If such an $E$ exists (with $W_E$ nontrivial), then wouldn't $I_G$ be empty? Suppose $I_G$ contains some element $\zeta$, and the component of $\zeta$ corresponding to $E$ is $\zeta_E$. Then if $g^*(\zeta_E)\ne \zeta_E$, we have that the components of $\zeta$ are not coherently related by conjugations.
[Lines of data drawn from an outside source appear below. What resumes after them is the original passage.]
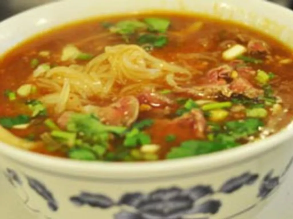carotte, tomate, céleri, champignon, bouillon de boeuf, gingembre, boeuf, navet, nouilles, crevettes, ciboulette, sauce soja
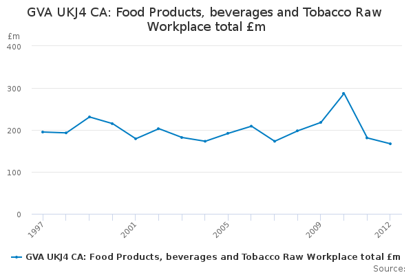 Download this time seriesGVA UKJ4 CA: Food Products, beverages and Tobacco Raw Workplace total £m
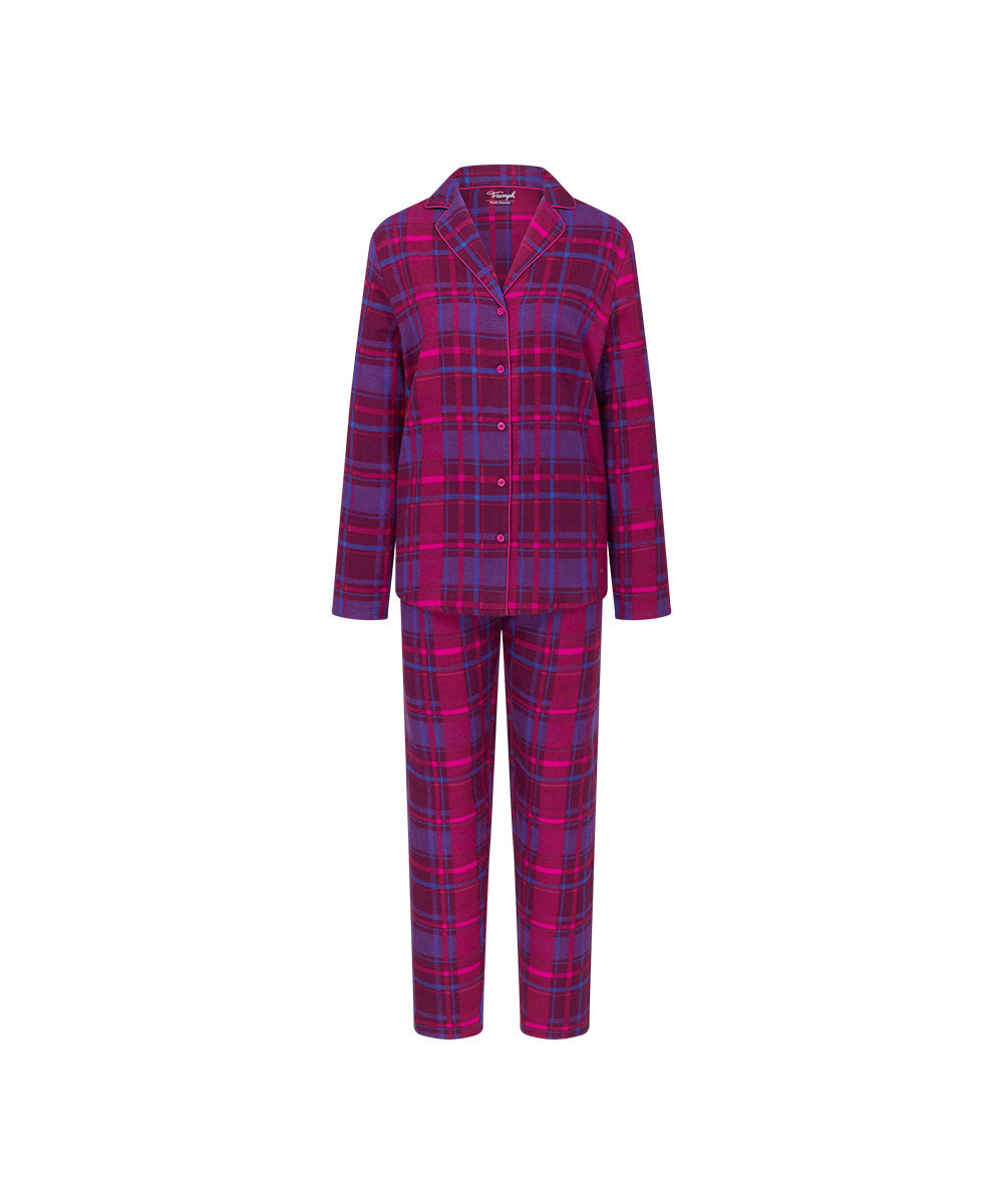 Yndig pyjamas fra Triumph med store tern. Overdelen lukkes med gennemgående knapper og bukserne er designet i et afslappet type.

Then the only elements of $I_G$ are those $\zeta$ such that, for all $E\le G$, $\zeta_E$ is fixed by $g^*$ for all $g\in W_E$. Do such elements exist, and if so, is this the object Evens intends to define?

I was thinking about this lying in bed this morning, and I believe that $I_G$ does contain elements $\zeta$ such that for all $E$, $\zeta_E$ is fixed by $g^*$ for all $g\in W_E$.

Suppose $g\in W_E$ is not trivial. Then the following diagram commutes:

$$\require{AMScd}\begin{CD} E @>{c_g}>> E \\ @VVV @VVV \\ G@>{c_g}>> G \end{CD}$$

where $c_g$ is conjugation by $g$ and the vertical maps are inclusions. Since $G$ acts trivially on $H(G)$ via conjugation, we have the following induced diagram in cohomology:

$$\begin{CD} H(E) @<{g^*}<< H(E) \\ @AAA @AAA \\ H(G)@<{\operatorname{id}}<< H(G) \end{CD}$$

where the vertical maps are now restrictions. This shows that if we start with an element in $H(G)$, and let $\zeta_E$ be the restriction of this element to $H(E)$ for all $E$, then the tuple of cohomology classes thus defined is in fact coherently related via conjugations and restrictions.